Write SQL for noisy A/B launch metrics

Q: Write SQL for noisy A/B launch metrics

This question evaluates SQL-based data manipulation and experimental analytics skills, including attribution of earliest exposures, censoring crossovers, session-based bot qualification, time-windowed conversion and revenue calculations, and exclusion of outage periods in PostgreSQL.

Q: How do I practice SQL interview questions?

PracHub provides an interactive SQL console where you can write and test queries against real database schemas. Get instant feedback and compare your solution with the expected output.

Q: What difficulty level is this coding question?

This is a medium difficulty Data Manipulation (SQL/Python) question, commonly asked during Technical Screen rounds at Chime.

Q: What role is this question designed for?

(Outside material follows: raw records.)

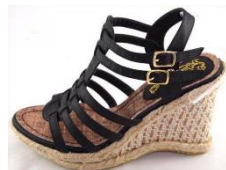
グラディエーターサンダル
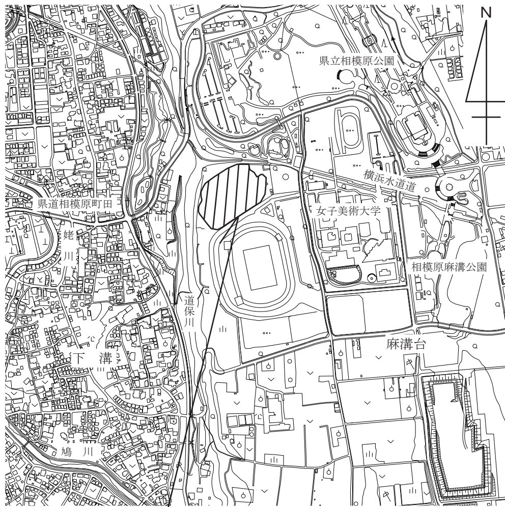
相模原麻溝公園第2競技場
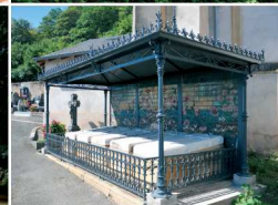
Volkrange, tombeau de style Art Nouveau, de la famille Bompard-Marchal
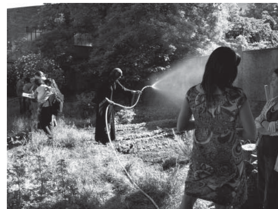
Au Jardin de Montreuil

L'atelier a lieu 4 fois par semaine. Il est particulièrement destiné aux familles monoparentales, bénéficiaires du RMI ou des minima sociaux, et il n'est pas obligatoire. L'objectif est de « favoriser l'insertion sociale et le mieux être personnel par des ateliers de jardinage en groupes pour permettre à un public mis à l'écart des échanges économiques et sociaux d'investir régulièrement une action se situant en amont et/ou en parallèle d'un projet d'insertion professionnelle. Les activités proposées ont une approche technique et expérimentale autour des cultures florales, potagères et aromatiques.

This question is commonly asked for Data Scientist candidates at Chime during technical interviews.

Question

PostgreSQL. Today is 2025-09-01. You’re given the following schema and toy samples:

users(user_id INT, country TEXT, signup_date DATE, marketing_channel TEXT)
+---------+---------+-------------+------------------+
| user_id | country | signup_date | marketing_channel|
+---------+---------+-------------+------------------+
| 1 | US | 2025-08-12 | email |
| 2 | CA | 2025-08-13 | paid |
| 3 | US | 2025-08-11 | organic |
| 4 | GB | 2025-08-17 | paid |
+---------+---------+-------------+------------------+

exposures(user_id INT, experiment_id TEXT, variant TEXT, exposure_ts TIMESTAMP, source TEXT)
+---------+--------------------+---------+---------------------+--------+
| user_id | experiment_id | variant | exposure_ts | source |
+---------+--------------------+---------+---------------------+--------+
| 1 | tracker_vlaunch_v1 | control | 2025-08-12 10:00 | web |
| 2 | tracker_vlaunch_v1 | B | 2025-08-13 09:35 | email |
| 2 | tracker_vlaunch_v1 | control | 2025-08-14 10:18 | web | <- crossover
| 3 | tracker_vlaunch_v1 | B | 2025-08-11 08:02 | paid |
| 4 | tracker_vlaunch_v1 | B | 2025-08-17 15:10 | web |
+---------+--------------------+---------+---------------------+--------+

sessions(user_id INT, session_start TIMESTAMP, device TEXT, is_bot BOOLEAN)
+---------+---------------------+---------+--------+
| user_id | session_start | device | is_bot |
+---------+---------------------+---------+--------+
| 1 | 2025-08-12 10:00 | ios | false |
| 2 | 2025-08-13 09:30 | web | false |
| 2 | 2025-08-14 10:10 | web | true |
| 3 | 2025-08-11 08:00 | android | false |
| 4 | 2025-08-17 15:00 | web | false |
+---------+---------------------+---------+--------+

orders(order_id INT, user_id INT, order_ts TIMESTAMP, revenue NUMERIC(10,2), refunded BOOLEAN)
+----------+---------+---------------------+---------+----------+
| order_id | user_id | order_ts | revenue | refunded |
+----------+---------+---------------------+---------+----------+
| 501 | 1 | 2025-08-20 12:00 | 99.00 | false |
| 502 | 2 | 2025-08-28 11:05 | 59.00 | true |
| 503 | 3 | 2025-08-13 09:00 | 49.00 | false |
| 504 | 4 | 2025-08-30 13:00 | 129.00 | false |
+----------+---------+---------------------+---------+----------+

Task A — core metrics (CTEs allowed): For experiment_id = 'tracker_vlaunch_v1' and exposures between 2025-08-01 and 2025-08-24, write a single query that:
- Assigns each user to the earliest exposure variant and censors any later crossovers.
- Qualifies users as non-bot if they have at least one session with is_bot = false on or before their earliest exposure.
- Computes, per variant, by country in {US, CA} only: users_exposed, qualified_users, converters_14d (users with an order within 14 days of earliest exposure and order_ts < '2025-09-01'), conv_rate_14d, revenue_14d (sum of non-refunded revenue within the same 14-day window), refund_rate_14d (refunded orders / all orders in window).
- Excludes orders whose order_ts falls in the iOS outage window ['2025-08-10', '2025-08-12') if the user’s earliest qualifying device was ios.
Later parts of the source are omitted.